Avoid running Redis RDB backups on primary nodes
Goal
Only run periodic Redis RDB backups on replica nodes, not the current primary node. This avoids triggering stalls and latency spikes in Redis that affect performance of its clients.
Approach
Currently we configure Redis to periodically make its own backups:
save 900 1
Replace that with a cronjob that first checks to see if the local Redis instance is currently in the primary role.
Only run an RDB backup if it is:
- up and healthy
- replica mode (not primary)
- the latest RDB backup is at least 15 minutes old
Caveat: Currently we do not make RDB backups on the redis-cache-XX instances, so they can safely skip this alternate approach too.
Background
Most of our Redis instances currently have RDB backups configured to run BGSAVE automatically with a 15 minute delay between after the previous run finishes:
save 900 1
Our redis-cache instances are an exception to this. They do not currently run RDB backups.

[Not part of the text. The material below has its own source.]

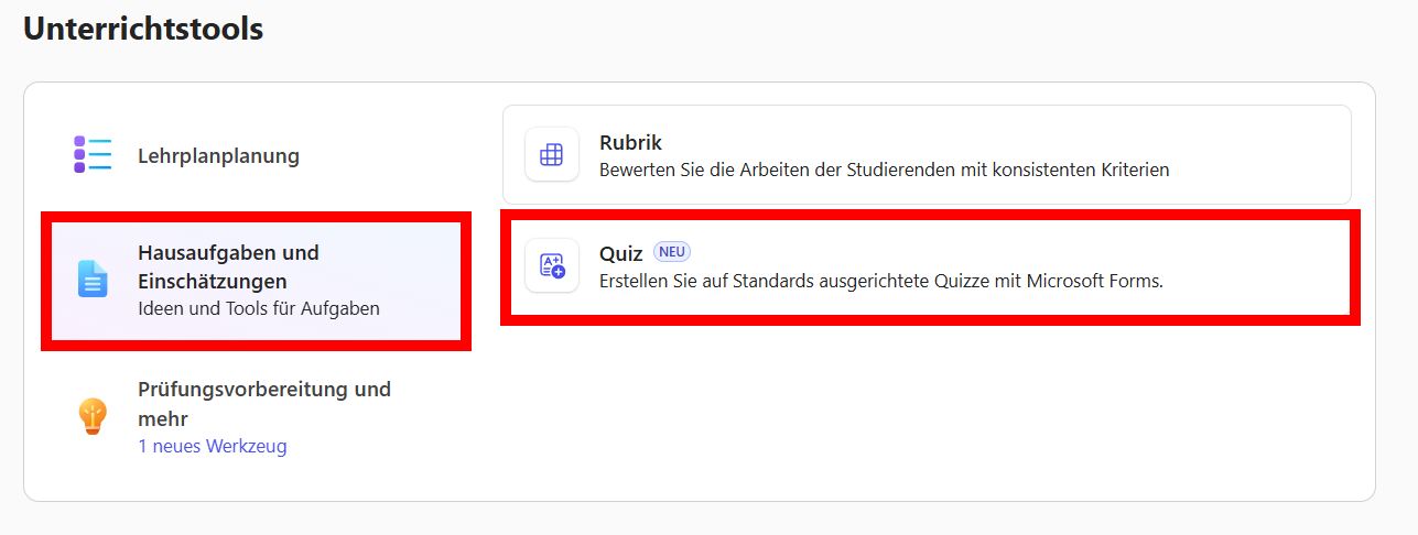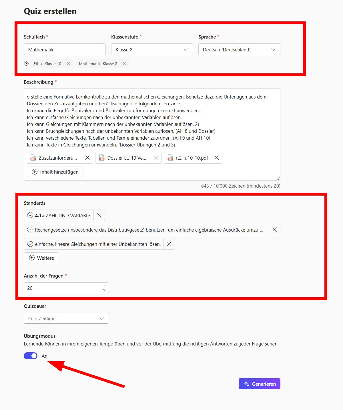 Unter „Erstellen“ steht neu die Möglichkeit zur Verfügung, ein Quiz zu generieren. In unserem Beispiel nutzen wir diese Funktion als formative Lernkontrolle im Fach Mathematik. Dazu haben wir die relevanten Lernziele notiert und die verwendeten Unterrichtsmaterialien beigefügt. Auch die Klassenstufe sowie die entsprechenden Kompetenzziele wurden angegeben.

In #1183 (closed) we discovered that these RDB backups are causing periodic latency spikes as measured by clients using the "shared-state" Redis instance (redis-XX, a.k.a. "persistent redis").
https://log.gprd.gitlab.net/goto/294d9abc2547f5b4b6a59e9ee2abd1ed
Each of these latency spikes is at least partly explained by the 300 ms stall during fork and the subsequent extra memory access latency due to copy-on-write overhead. For more details, see the profiling and packet capture analysis results here:
#1183 (comment 645964316)
These RDB backups currently run on the primary and replica Redis instances. We don't need them to run on the primary, and that is the only place where they would cause client-facing latency.